This invention relates generally to electrochemical machining (ECM), and more specifically, to methods and systems for forming cooling holes in a turbine engine airfoil.
Electrochemical machining (ECM) and/or shaped tube electrochemical machining (STEM) is commonly used to form cooling holes in turbine engine airfoils. During an ECM process, the workpiece being machined is coupled to a positive terminal of a DC power supply and the electrode is coupled to a negative terminal of the DC power supply. An electrolyte flows between the electrode and the workpiece. For example, the electrolyte may be an acid or an aqueous salt solution. During the machining process, the workpiece is dissolved by controlled electrochemical reactions to form the cooling hole. Generally, such machining processes form cooling holes that have a circular cross-sectional area. The circular cross-sectional area is sized to provide a desired amount of flow metering through an inlet of the cooling hole, however, the circular cross-sectional area often reduces an amount of potential heat transfer inside the blade and/or downstream of the cooling hole, thereby reducing an amount of cooling within the blade. Further, a circular cross-sectional area defined at an outlet of the cooling hole generally may not be suitable for an airfoil having a narrow trailing edge. Moreover, a circular cross-sectional area defined at an outlet of the cooling hole may induce high stress concentrations in an area of the airfoil surrounding the cooling hole.

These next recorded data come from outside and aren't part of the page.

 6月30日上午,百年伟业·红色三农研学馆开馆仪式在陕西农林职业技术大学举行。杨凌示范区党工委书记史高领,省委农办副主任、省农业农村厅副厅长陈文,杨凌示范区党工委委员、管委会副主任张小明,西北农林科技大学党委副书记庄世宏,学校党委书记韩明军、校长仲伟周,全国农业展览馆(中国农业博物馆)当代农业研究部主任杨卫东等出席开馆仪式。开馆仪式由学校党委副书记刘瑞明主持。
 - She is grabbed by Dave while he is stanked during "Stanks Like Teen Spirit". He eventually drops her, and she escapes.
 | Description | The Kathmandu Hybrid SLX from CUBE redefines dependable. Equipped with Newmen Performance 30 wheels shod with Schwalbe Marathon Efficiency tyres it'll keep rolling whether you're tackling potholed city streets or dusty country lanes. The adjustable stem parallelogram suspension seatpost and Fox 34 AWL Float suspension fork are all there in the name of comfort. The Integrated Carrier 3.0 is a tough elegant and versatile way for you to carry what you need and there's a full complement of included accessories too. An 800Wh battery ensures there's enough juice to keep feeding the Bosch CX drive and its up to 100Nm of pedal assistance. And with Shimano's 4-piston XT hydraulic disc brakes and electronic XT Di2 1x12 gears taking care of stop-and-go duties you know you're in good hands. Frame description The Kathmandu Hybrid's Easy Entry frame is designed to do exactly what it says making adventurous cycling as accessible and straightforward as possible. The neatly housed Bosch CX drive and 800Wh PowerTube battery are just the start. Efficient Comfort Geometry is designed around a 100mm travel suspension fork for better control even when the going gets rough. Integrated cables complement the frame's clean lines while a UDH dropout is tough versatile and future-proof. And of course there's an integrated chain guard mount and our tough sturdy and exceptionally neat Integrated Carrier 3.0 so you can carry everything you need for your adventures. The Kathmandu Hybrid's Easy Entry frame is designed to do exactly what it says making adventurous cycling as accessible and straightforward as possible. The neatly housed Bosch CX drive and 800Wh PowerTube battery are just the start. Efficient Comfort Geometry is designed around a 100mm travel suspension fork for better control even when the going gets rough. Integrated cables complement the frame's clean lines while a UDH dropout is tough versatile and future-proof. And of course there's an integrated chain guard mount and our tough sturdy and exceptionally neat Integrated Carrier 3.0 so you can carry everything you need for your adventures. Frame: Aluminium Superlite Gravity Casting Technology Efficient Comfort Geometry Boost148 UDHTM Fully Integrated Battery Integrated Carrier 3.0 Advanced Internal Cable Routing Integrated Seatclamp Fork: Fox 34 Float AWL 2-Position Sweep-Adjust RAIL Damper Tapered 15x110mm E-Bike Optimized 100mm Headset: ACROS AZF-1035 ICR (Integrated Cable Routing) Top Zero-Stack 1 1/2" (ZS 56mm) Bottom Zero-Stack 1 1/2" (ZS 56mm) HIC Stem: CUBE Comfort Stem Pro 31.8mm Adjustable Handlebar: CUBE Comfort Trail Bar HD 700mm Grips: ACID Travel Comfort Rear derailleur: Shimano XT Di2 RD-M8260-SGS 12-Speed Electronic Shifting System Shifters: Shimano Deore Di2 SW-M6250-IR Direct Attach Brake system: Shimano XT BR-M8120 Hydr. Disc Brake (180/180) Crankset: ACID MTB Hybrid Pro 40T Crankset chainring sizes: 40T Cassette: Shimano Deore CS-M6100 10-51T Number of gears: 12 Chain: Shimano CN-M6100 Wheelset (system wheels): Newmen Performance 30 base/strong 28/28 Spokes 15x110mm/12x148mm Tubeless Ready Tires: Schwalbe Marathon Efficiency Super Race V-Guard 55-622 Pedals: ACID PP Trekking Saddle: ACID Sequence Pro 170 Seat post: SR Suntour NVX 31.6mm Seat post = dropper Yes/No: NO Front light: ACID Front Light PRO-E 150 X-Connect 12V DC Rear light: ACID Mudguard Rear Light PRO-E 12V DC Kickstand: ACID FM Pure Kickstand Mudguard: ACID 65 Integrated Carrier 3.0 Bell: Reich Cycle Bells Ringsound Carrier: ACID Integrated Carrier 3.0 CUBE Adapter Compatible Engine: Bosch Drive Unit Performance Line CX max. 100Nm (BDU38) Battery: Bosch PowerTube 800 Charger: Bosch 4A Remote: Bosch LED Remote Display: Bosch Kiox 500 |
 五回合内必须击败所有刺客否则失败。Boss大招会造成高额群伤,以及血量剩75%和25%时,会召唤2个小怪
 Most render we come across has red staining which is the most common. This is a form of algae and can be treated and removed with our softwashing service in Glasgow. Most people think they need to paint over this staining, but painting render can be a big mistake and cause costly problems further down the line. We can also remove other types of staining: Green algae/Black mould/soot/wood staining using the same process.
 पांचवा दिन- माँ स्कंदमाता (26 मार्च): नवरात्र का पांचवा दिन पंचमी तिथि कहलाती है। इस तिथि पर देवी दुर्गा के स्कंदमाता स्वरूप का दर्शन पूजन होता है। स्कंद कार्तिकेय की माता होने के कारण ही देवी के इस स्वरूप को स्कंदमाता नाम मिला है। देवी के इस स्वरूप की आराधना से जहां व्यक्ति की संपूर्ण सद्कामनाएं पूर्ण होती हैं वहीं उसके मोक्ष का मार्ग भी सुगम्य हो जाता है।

Accordingly, at least some known cooling holes are designed with an inlet having a circular cross-sectional area and an outlet having an elliptical cross-sectional area. Generally such cooling holes are formed via an electrochemical machining process. Although such cooling holes have the benefits of both a circular cross-sectional area and an elliptical cross-sectional area, such cooling holes also include an expansion area defined between the circular and the elliptical cross-sectional areas. As such, airflow within the expansion may experience an abrupt flow change and become disrupted and substantially non-uniform. Moreover, fabrication of such cooling holes is generally more expensive and time consuming than fabrication of other cooling holes, as known machining methods require at least two passes of an electrode to form the cooling hole.